Sineaggi commented 1 year ago

@tuananh I wrote up a small example here but the tl;dr is you need to first generate the list of dependencies:

$ apt-cache depends libpq5
libpq5
  Depends: libc6
  Depends: libgssapi-krb5-2
  Depends: libldap-2.4-2
  Depends: libssl1.1

Then pass those into apt-cache download.

It's a bit cumbersome because you'd have to subtract any dependency from apt-cache depends from what the base image would already contain.

In the future I imagine distroless itself could be made as a dependency to other bazel builds, or some parts as a cli that could be used to build images from dependency lists.

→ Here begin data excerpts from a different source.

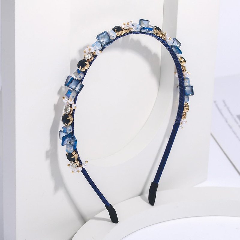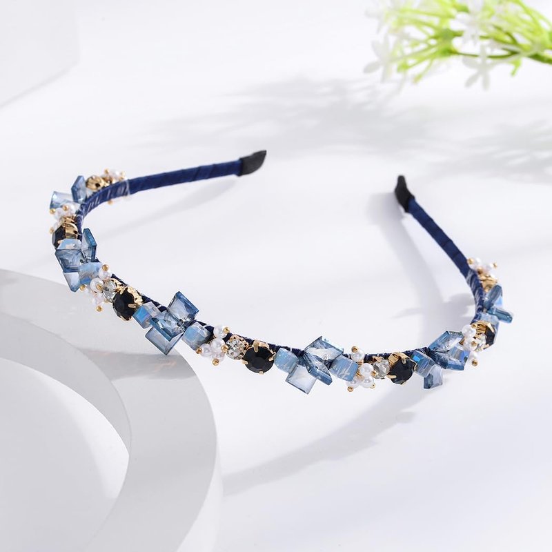 - Blue crystals headband is made of elastic headband, rhinestones, crystal beads and pearls.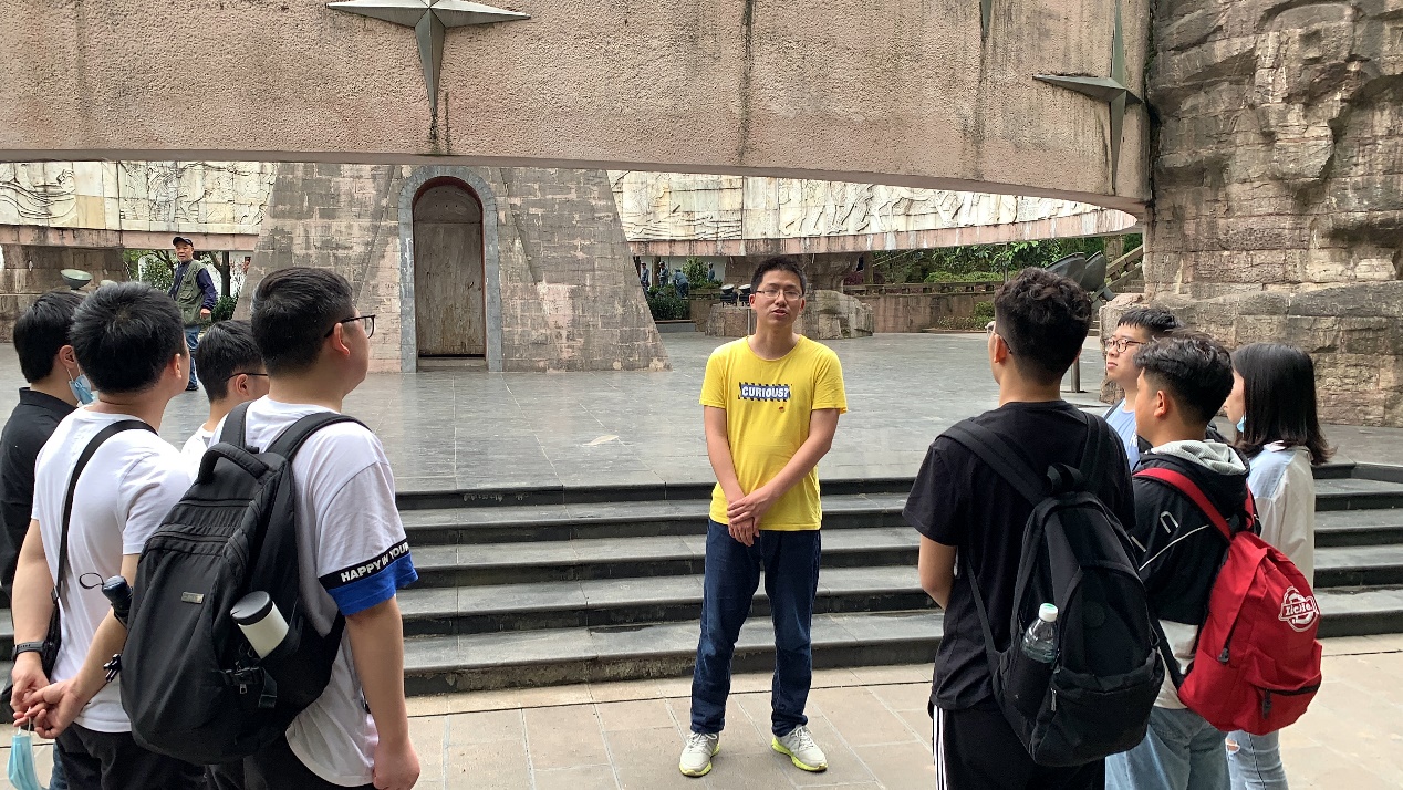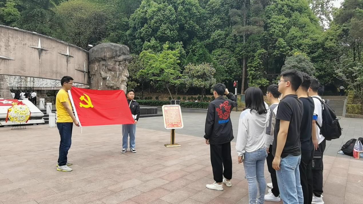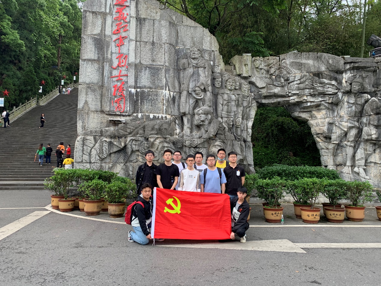 随后,大家一起来到遵义红军烈士陵园,追忆革命先烈们用鲜血和生命谱写的英雄赞歌。党支部副书记曾煜在红军烈士纪念碑前带领大家重温入党誓词,全体党员面向党旗,庄严宣读入党誓词,在铿锵有力的誓词中感受到党员同志对自己党员身份的自豪感,对中国共产党的忠诚。随后,支部钟闯同志为大家讲解了红军烈士纪念碑的寓意:“整个碑高30米,下宽6米见方,预宽2米见方。碑的顶端,是5米高的镰刀锤子标志;圆环外壁上镶嵌着28颗闪光的星,象征着中国共产党经过28年艰苦奋斗,取得了全国政权;东北侧是赤卫队员形象,西北侧是女红军形象,寓意着红军威震四方……”革命先辈们的光辉事迹激励党员学生进一步认真学习党史,真正做到学史明理、学史增信、学史崇德、学史力行。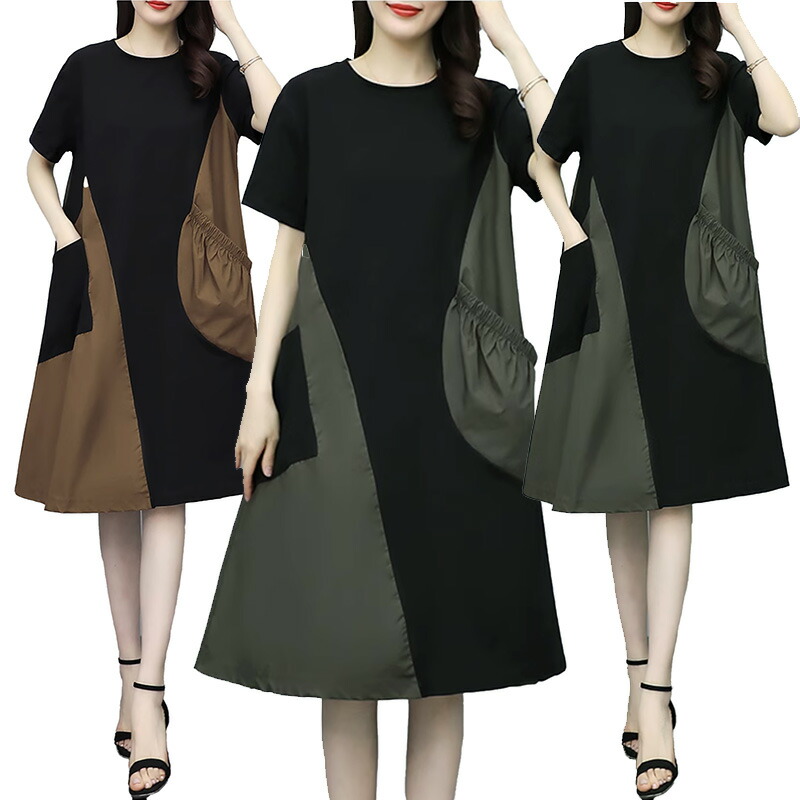 ゆったり カジュアル 半袖 ワンピース きれいめ 大人 上品 レディース 春 秋 冬 ロングワンピース 着痩せ 細見え 大きいサイズ aライン レトロワンピース ポケット 40代 50代 60 30代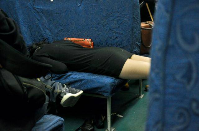 网友“七尺七的身高是256_666666667”:2017.2.7号的火车。太困了什么姿势都有,女人是汉子还是淑女,看来是天生的。女的短皮裤,现在喜欢学超人啊!短裤穿外面。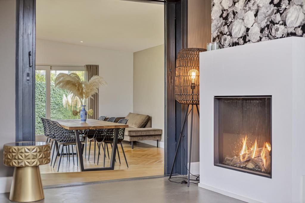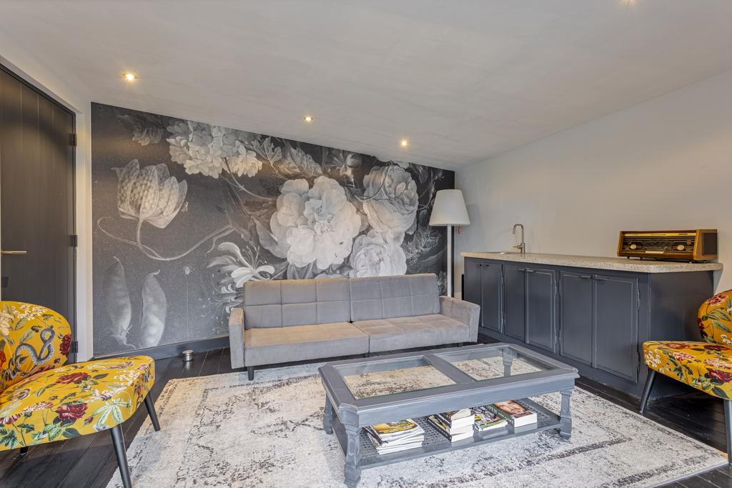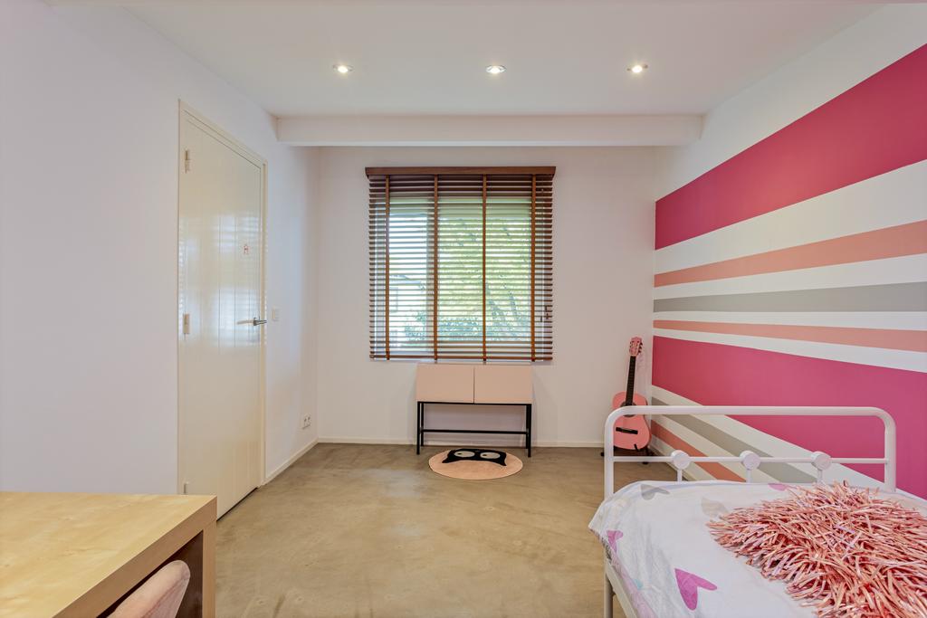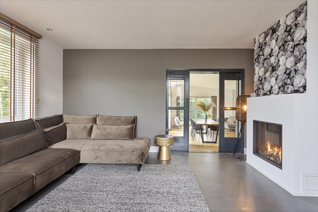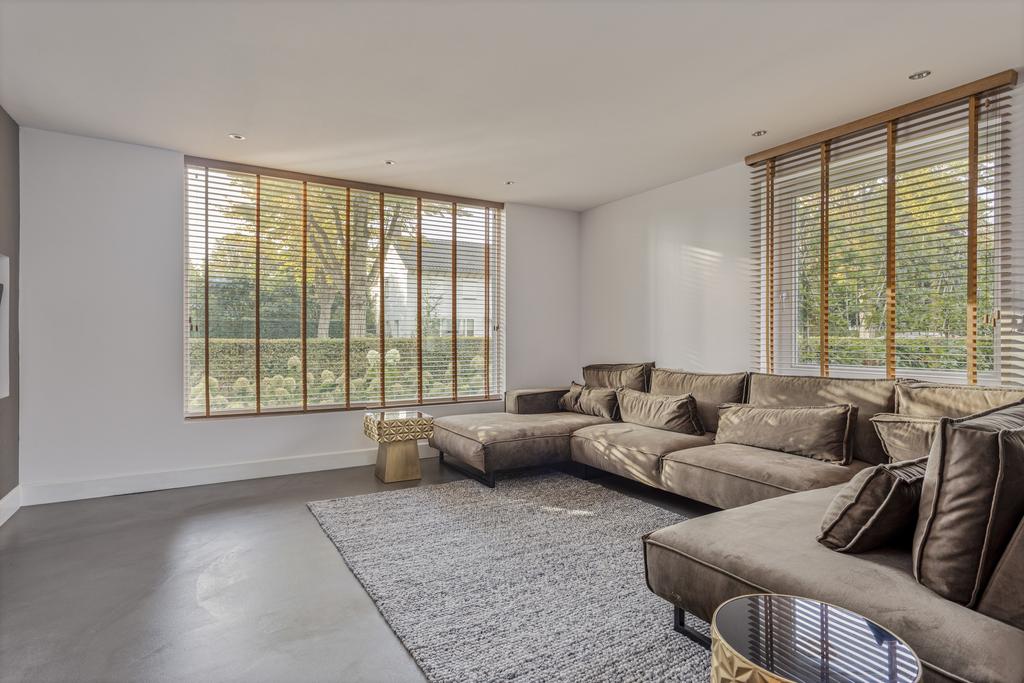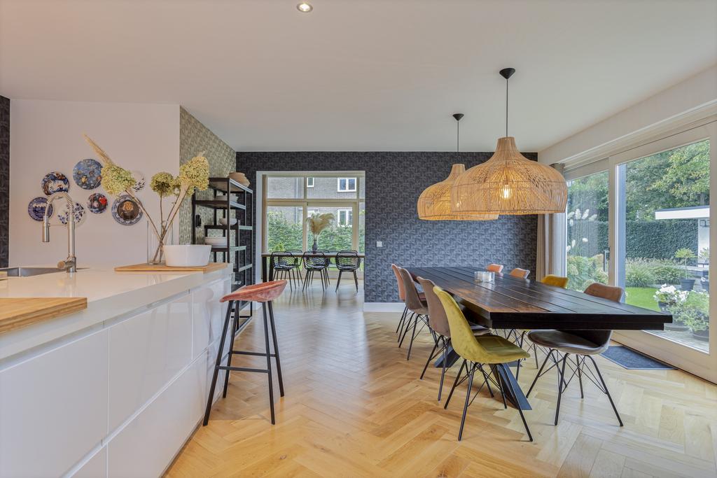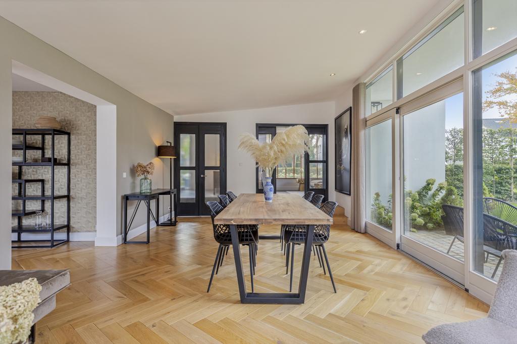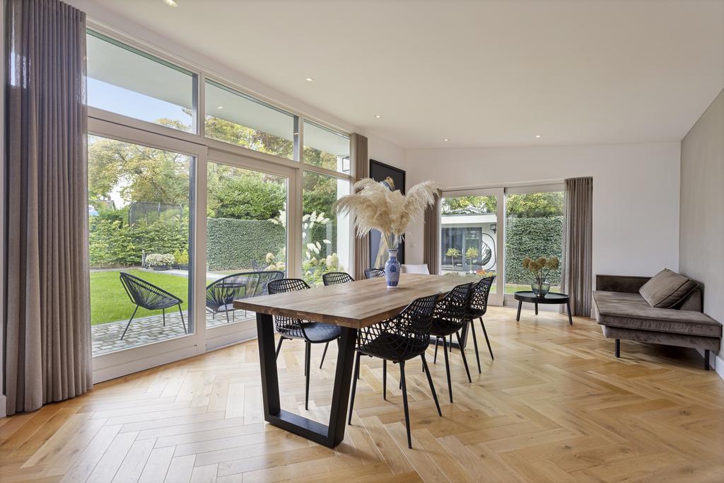 The side and rear gardens are accessible via four large sliding doors. All rooms are finished with either a modern concrete-look floor or a classic wooden herringbone floor. The kitchen is designed around a central island and is fully equipped with all necessary built-in appliances.

tuananh commented 1 year ago

@Sineaggi i think we need to use recurse flag as well

https://gist.github.com/tuananh/1e8e0f921410a830a7cd1161ff8bb189

usage: ./aptdeps.sh bash krb5-user etc...

#!/bin/bash
set -eu

declare -a all_deps=( )
for pkg_name in "$@"
do
    declare -a deps=$(apt-cache depends -i --recurse $pkg_name | awk -F 'Depends: ' 'NF>1{ sub(/ .*/,"",$NF); print $NF }' | sort | uniq)
    all_deps+=$deps
done

printf '%s\n' "${all_deps[@]}" | sort | uniq
piranna commented 3 months ago

@tuananh, apt-cache depends accept several package names, so there's no need to do a loop

piranna commented 3 months ago

Any idea how to resolve the virtual packages instead of showing them?